Tuesday 6 August 2024

Water – A Monday Morning Memory by Elizabeth Obadina

Waiting for Water
 A morning breeze blew softly over the king size bed. On the one side her husband lay still in deep sleep on the other she stirred, yawned and stretched. It had been a sticky night. NEPA* had ‘taken light’** early the previous evening and the hours of darkness had been spent fitfully tossing and turning, praying to Shango***, the god of electricity, to restore power, power to the air conditioner, power to the fans, power to the computers, power to the fridge-freezers and power to the water pump. She prayed for power to return her life to the modern world, to 1992.
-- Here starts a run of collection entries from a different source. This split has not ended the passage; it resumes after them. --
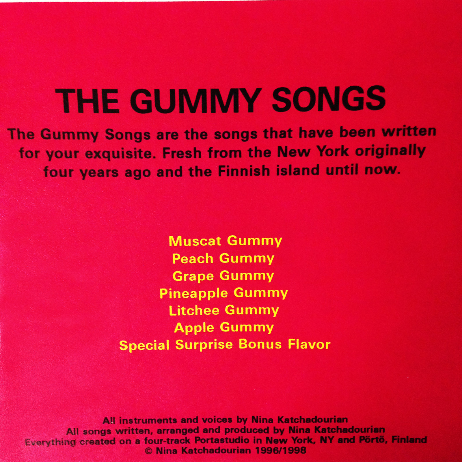 Several other “gummy songs” followed, all taking their cue from the text on the respective bag flavor. I played guitar and a variety of minor instruments, including a tiny Casio keyboard with some preset riffs I made enthusiastic use of. I sang all the vocal parts. The songs were written and recorded in New York, NY and Pörtö, Finland over a period of about two years. I performed them live only once (circa 2000 at The Knitting Factory in downtown Manhattan) with “The Gummy Choir,” three women friends (Clare Ellis, Ellen Santiniello, and Gina Kaufmann) who joined me for special arrangements of the songs that we worked out for the occasion.
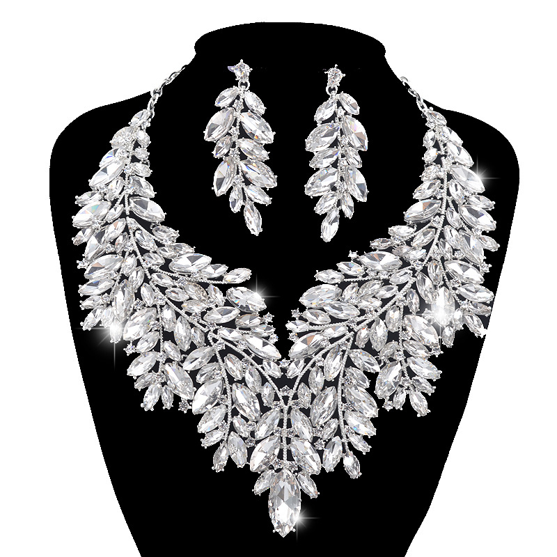European and American Brides' Exaggerated Sets of Chains, Glass Rhinestones, High-End Accessories, Necklaces, Earrings, Clavicle Chains, Party Accessories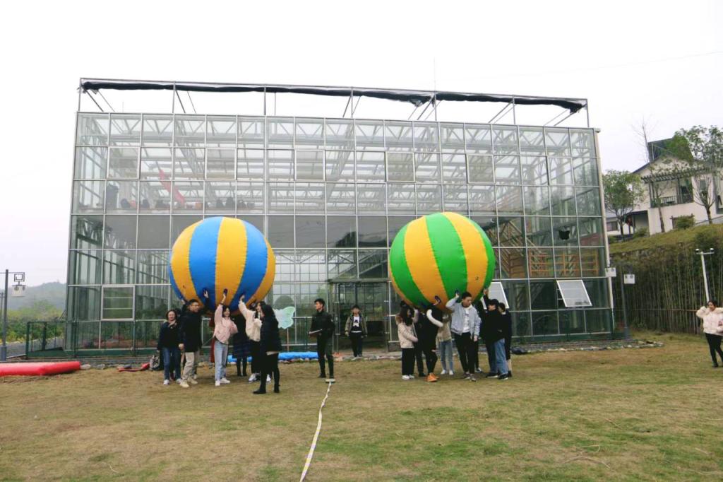 每一组的队员用气垫将球运到终点,再由终点运到起点,并颠十下球,最先完成的队伍获胜。为了保持球在气垫上,在奔跑和颠球的过程中,气垫四周参与队员需将气垫保持在一个平衡的状态。于无形中,团队的默契得到了加强。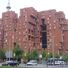 El edificio de catorce plantas contiene 446 apartamentos distribuidos alrededor de cinco patios interiores, con una estructura modular y paredes exteriores rojas y azules.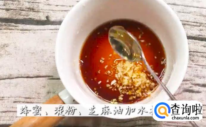 取一个干净的碗,做酱汁:放入柠檬汁、生抽、盐、姜蒜末、蜂蜜、淀粉、芝麻油和水搅匀。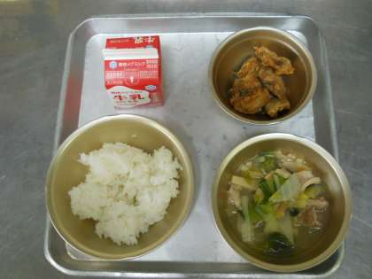 1月21日の献立は,「ごはん・牛乳・さんまのカレーあげ・肉片湯」でした。

She stretched and reached for her watch. It would be so nice to find that it was earlier than she suspected, that she could roll over and catch another hour or two’s sleep in pleasant cool of dawn. Perhaps, had it been the weekend, but that was yesterday. Today it was Monday morning. She looked at her watch. A quarter past six already. There was just one thought on her mind. Water.

And then she smiled.

She remembered the barbecue yesterday at the Coca-Cola staff estate, the swimming pool, the pizza oven, the shady trees and the children showering in a hosepipe fight, hosepipes attached to taps, taps running with crystal-clear drinking water which was watering the plants, her children, her friend’s children, the ground - drinking water creating rainbows in the afternoon sunshine but more to the point, drinking water which had been transported twenty five miles back home and was now waiting in five, five-gallon, blue plastic jerry cans on the floor of her kitchen. Drinking water would be available for a few days at least. Drinking water from Coca-Cola’s very own water treatment plant. Pure, sweet and clean - just water – but treasure for her family. Water that was never going to be made into the Coco-Cola, Sprite or Fanta whose millions and millions of glass bottles formed the backdrop to every street scene and every social gathering in Lagos, indeed throughout Nigeria.
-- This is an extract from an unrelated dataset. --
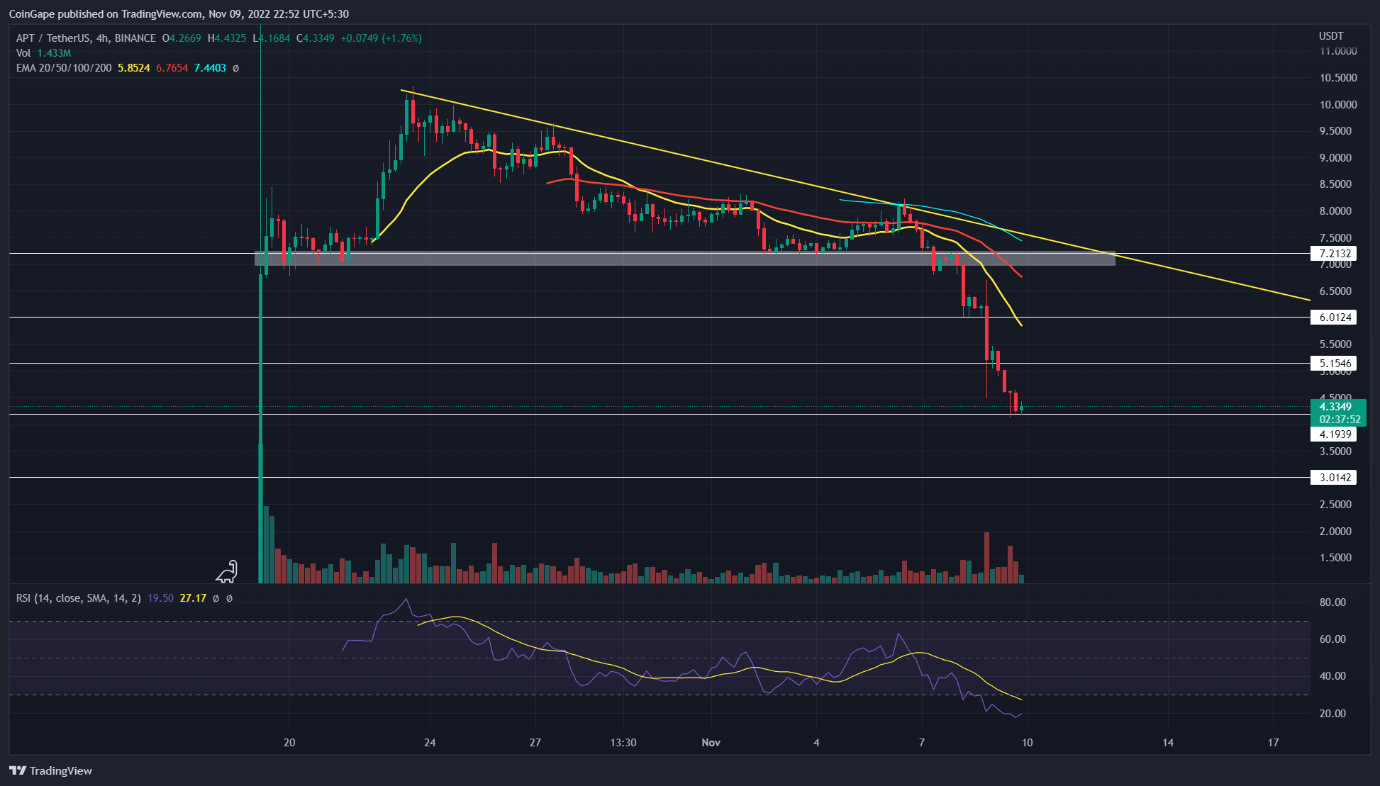 Aptos 代币价格将继续下跌,直到下降趋势线完好无损。
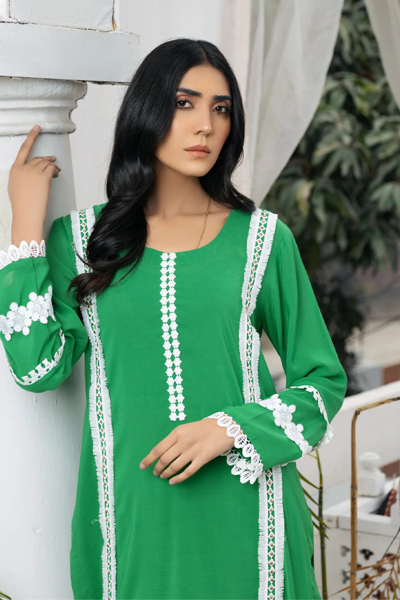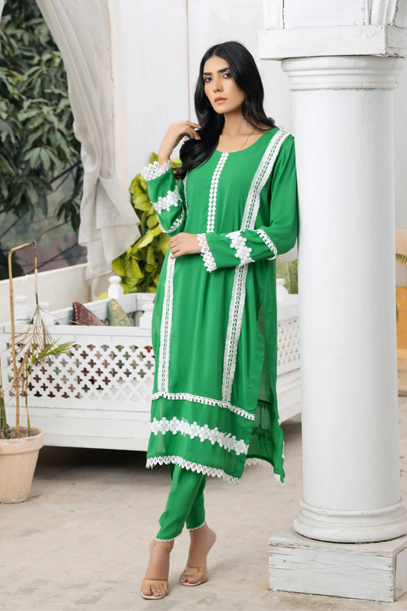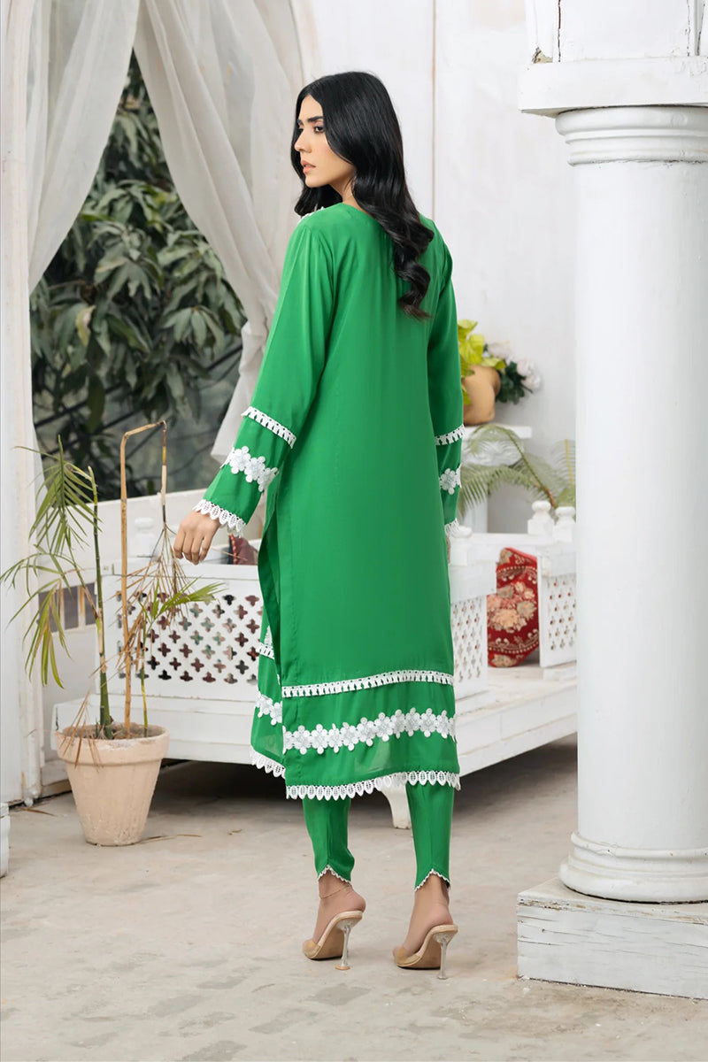 The front side of the shirt is embellished with two types of laces, and the backside of the daman also features lace adornments. Lace embellishments are present on the shirt's wrists. A single lace adorns the bottom of the trouser.

This Monday was starting well.

With a smile on her face she rolled out of bed and padded downstairs. Not only was there a power cut but the water had run short too. There was still just enough water stored in the bath of the downstairs bathroom for a few days personal washing. Laundry was going to be more of a problem. She quarter-filled four plastic buckets with water, iron-tinged from the storage tank, and cautiously carried them back upstairs. She was careful not to slop any on the terrazzo floors and staircase. She didn’t want Monday to begin with anyone slipping over onto cold, hard stone. She then repeated the procedure for the upstairs toilets. Partly filling the cisterns with the minimum amount needed to flush.
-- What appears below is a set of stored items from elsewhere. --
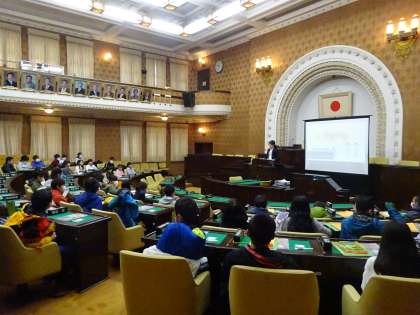 市会議場と平和ミュージアムに見学に行きました。市会議場では,市会の仕組みや役割についてていねいにお話をしていただきました。特別に議長席にも座らせていただき歓声があがりました。また,平和ミュージアムでは,戦争の歴史について理解を深めました。「今も世界には戦争によって苦しんでいる人がいる。自分たちの手で,平和な世界をつくらなくてはならない」という言葉に,真剣な表情でメモをとる姿がみられました。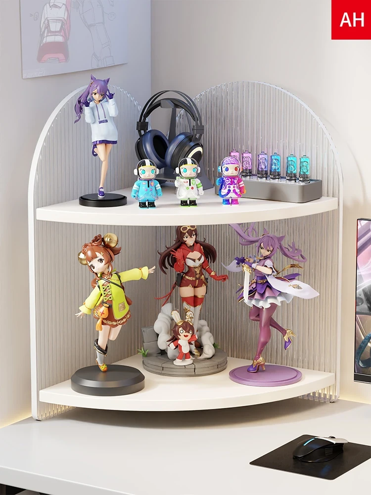 学生寮やオフィスに最適!角度を活かしたおしゃれな多層収納ラック。デスク周りをスッキリ整理し、フィギュアや小物を美しくディスプレイ。機能性とデザイン性を兼ね備えた便利なアイテム!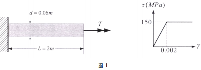 一、長 L=2 m,半徑 R=0.03 m 之實心圓桿受到扭矩 T 作用,如圖 1 所示。此實心圓桿 為理想塑性材料(perfect plasticity),求:

Her daughter was already awake, ready for a bucket wash, quick to get ready for school. Her sons were more difficult to rouse. She left them all upstairs sleepily getting up and headed back downstairs. She wouldn’t even complain if the boys claimed that thanks to all the swimming the previous day they didn’t need a morning wash – the water could be saved for the evening.

Shooting back the bolts on the heavy iron security doors, she swung open the front and back   doors and slid open the balcony windows to let the morning breeze blow cool air throughout the house. She left the iron-barred security gates padlocked shut on the front entrance and balcony but unlocked the padlocks on the kitchen bars and headed out into the compound to unlock the huge iron security gates so that Chris, her husband’s driver, could get in. He was already there.

“Morning Ma.”

“Morning Chris.”

He picked up a tin bucket from besides the old guard hut. They no longer had a night guard – but that’s different story.

“No point, Chris,” she said, “There’s still no water.”

Chris absent-mindedly turned the compound tap.

There was no water.

“No Ma,” he concurred, “I’ll just …” He took up the bucket and  drifted back into the street. She knew he was going to look for any puddle of water from the swamp at the bottom of the road, a swamp that was rapidly being drained and built over, a swamp with pools of filthy water where mosquitoes thrived. It offended Chris’ professional pride to drive out on a Monday morning in a dirty car. He would find some way of washing off the weekend’s dust and mud.

“OK,” she said and headed back to the kitchen. She knew Chris would be back in time for the school run.

Finding water in the swamps

Her house-help, Magdelene, had appeared from her quarters at the back of the house.

“Morning Ma. Still no water?”

“No, If NEPA doesn’t return, later today we’ll get the generator out and try to pump some up from the borehole and try to fill the water tank.”

Like everyone else in the road, the house had its own borehole, sunk down to the pure white sands underlying the swampy lagoons and low-lying islands of this huge metropolis. Until a new water works had opened last year, purifying the waters of the mighty River Ogun, there had been no government water and they had relied on their own water from their own borehole. Until last year the only water for this mega-city of millions and millions of people had been from an ancient waterworks, completed in 1910 to meet the needs of the small colonial community living in Ikoyi, Victoria and Lagos Islands.

The government water was pure, of international drinking water standard, allegedly, but its supply was erratic and dependent on the even more erratic supply of electricity, NEPA. of which there had been only sporadic bursts of power for weeks. These bursts, supplemented by bursts of power from a petrol generator had managed to keep the fridges and chest freezer cold. But petrol was also in short supply and generator bursts were rationed.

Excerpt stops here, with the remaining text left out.